Researchers at UC Riverside received a $3.5 million NIH grant to develop machine learning tools that can detect dyspnea in COPD and ICU patients by analyzing biomarkers, potentially helping physicians identify respiratory distress in patients who cannot communicate their symptoms.
- $3.5 million NIH grant awarded to UC Riverside for five-year dyspnea detection research project
- Machine learning models will analyze biomarkers to predict respiratory distress more accurately than clinical observation
- Two-phase approach: laboratory experiments inducing shortness of breath plus human trials with COPD and ICU patients
- Critical population: Study includes mechanically ventilated ICU patients who may be unable to communicate dyspnea despite experiencing severe distress
- Real-world impact: Technology could help physicians monitor respiratory comfort and guide treatment decisions while improving quality of life for COPD patients
A researcher at the University of California Riverside has received a $3.5 million grant from the National Institutes of Health’s National Heart, Lung and Blood Institute to study dyspnea in patients with COPD and develop methods to identify when patients are suffering.
Erica Heinrich, PhD, an assistant professor at the UC Riverside School of Medicine’s Division of Biomedical Sciences, is no stranger to dyspnea research. A previous paper she co-authored, “A Machine Learning Approach to Predicting Dyspnea With Noninvasive Biomarkers,” was published in Respiratory Physiology & Neurobiology.

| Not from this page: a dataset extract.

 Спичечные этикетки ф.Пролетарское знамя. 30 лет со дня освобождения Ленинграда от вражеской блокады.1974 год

That study examined the use of machine learning prediction models to predict dyspnea using noninvasive biomarkers. The researchers found that their machine learning model exceeded the accuracy of observation estimates made on the same participants.

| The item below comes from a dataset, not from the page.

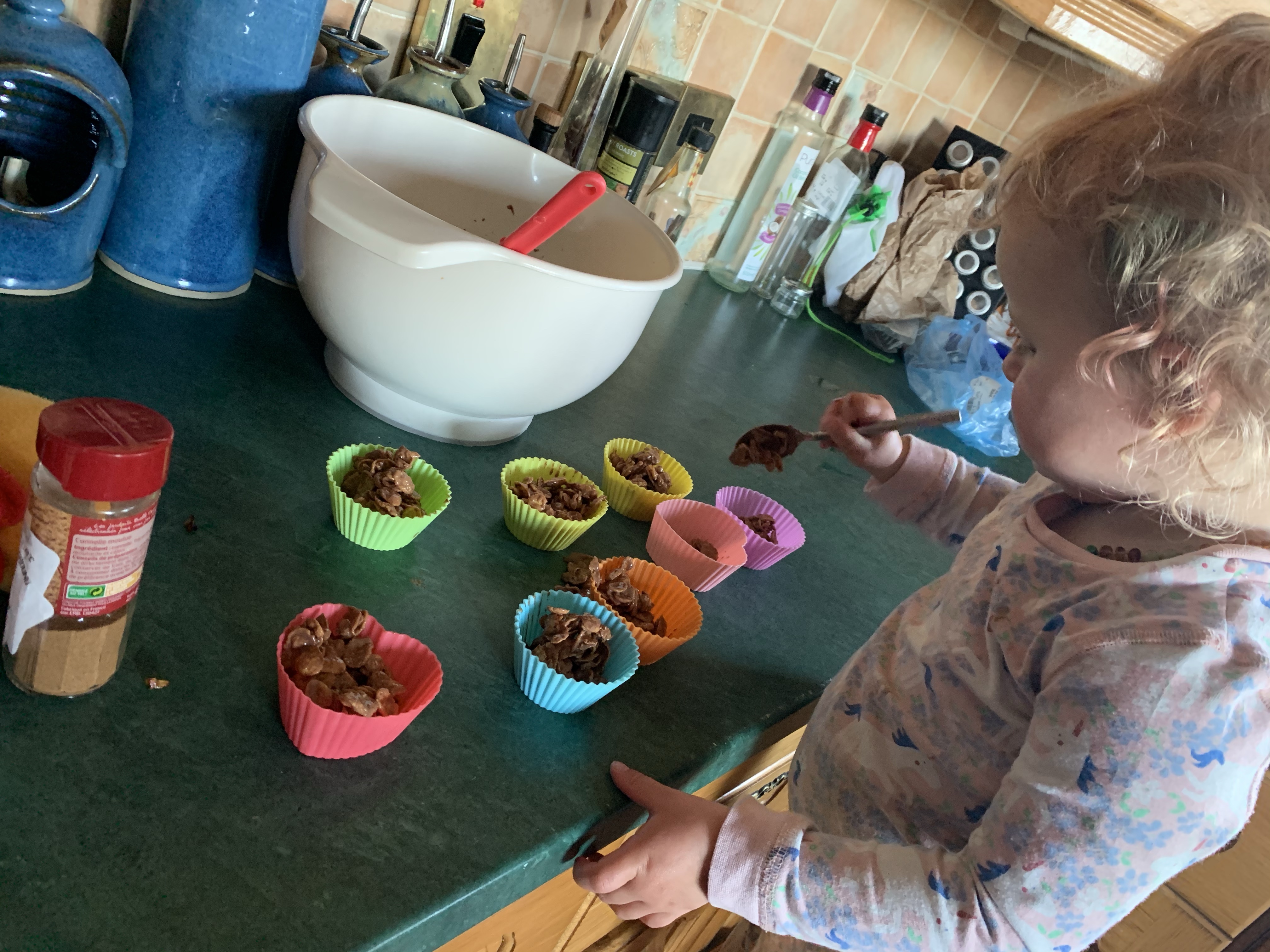 Helping mummy to cook Evie has her own special knife and is always keen to help with cooking and baking. Learning her vegetables as she chops and especially enjoying putting sprinkles on cakes (that she can then eat immediately)!

According to a press release, Dr. Heinrich’s goal for the new round of funding is to create a five-year project, including laboratory experiments and human trials with COPD patients, to better understand the physiological signals associated with dyspnea and develop new ways to identify when patients are suffering from the condition.
“The research could ultimately provide physicians with a new tool to recognize and monitor respiratory distress in patients who may be unable to communicate it themselves and help guide interventions to improve their comfort and outcomes,” Dr. Heinrich said.
The laboratory experiment portion of the program will induce shortness of breath in different populations and collect a range of biomarker data. Dr. Heinrich and her collaborators will use that information to develop a machine learning algorithm capable of predicting respiratory comfort. Dr. Heinrich said that, while her previous research demonstrated the model’s effectiveness with healthy lungs, the challenge of the new research will be to determine whether the model works across different patient populations.
The second part of the research project will involve the researchers monitoring multiple biomarkers in COPD patients while inducing shortness of breath through different mechanisms such as exercise and airflow resistance. The study will include an intensive care unit cohort at UC San Diego’s Jacobs Medical Center.
“The clinical population is particularly important because ICU patients can have severe lung pathology, while also receiving medications that can alter how the brain processes signals and how the patient perceives dyspnea,” Dr. Heinrich said. “Patients may be receiving pain medications, sedation or neuromuscular blockade that leaves them unable to communicate. However, paralytic drugs do not prevent dyspnea but mask a patient’s distress. Determining whether respiratory discomfort can still be accurately predicted under those circumstances is critical because these are among the patients who could ultimately benefit the most from this technology.”
Dr. Heinrich said she is particularly interested in patients who are receiving mechanical ventilation. She said there is strong evidence that ventilated patients can experience severe shortness of breath, which can increase anxiety and affect clinical outcomes, including when a patient can successfully be weaned from a ventilator.
The research could also benefit people living with COPD outside the hospital, she said.
“For these patients, quality of life is closely connected to the severity and frequency of their dyspnea,” Dr. Heinrich said. “A way to continuously monitor and quantify that experience could give physicians additional information to guide treatment. It could also give patients a stronger voice by providing objective data about the severity of the distress they experience.”
The project will bring together other UC Riverside researchers, like Shujie Ma, PhD, a professor of statistics with expertise in machine learning and working with real-time biomarker data, and Mona Eskandari, PhD, an assistant professor of mechanical engineering with expertise in lung tissue mechanics.
While the technology is not intended to replace a physician’s clinical judgement, Dr. Heinrich said she sees the research as the foundation for a tool that could give physicians information they currently lack.
“We hope that in the future, patient monitors can provide a readout indicating whether a patient receiving mechanical ventilation is experiencing significant dyspnea, allowing physicians to make more informed decisions about treatments and interventions,” she said.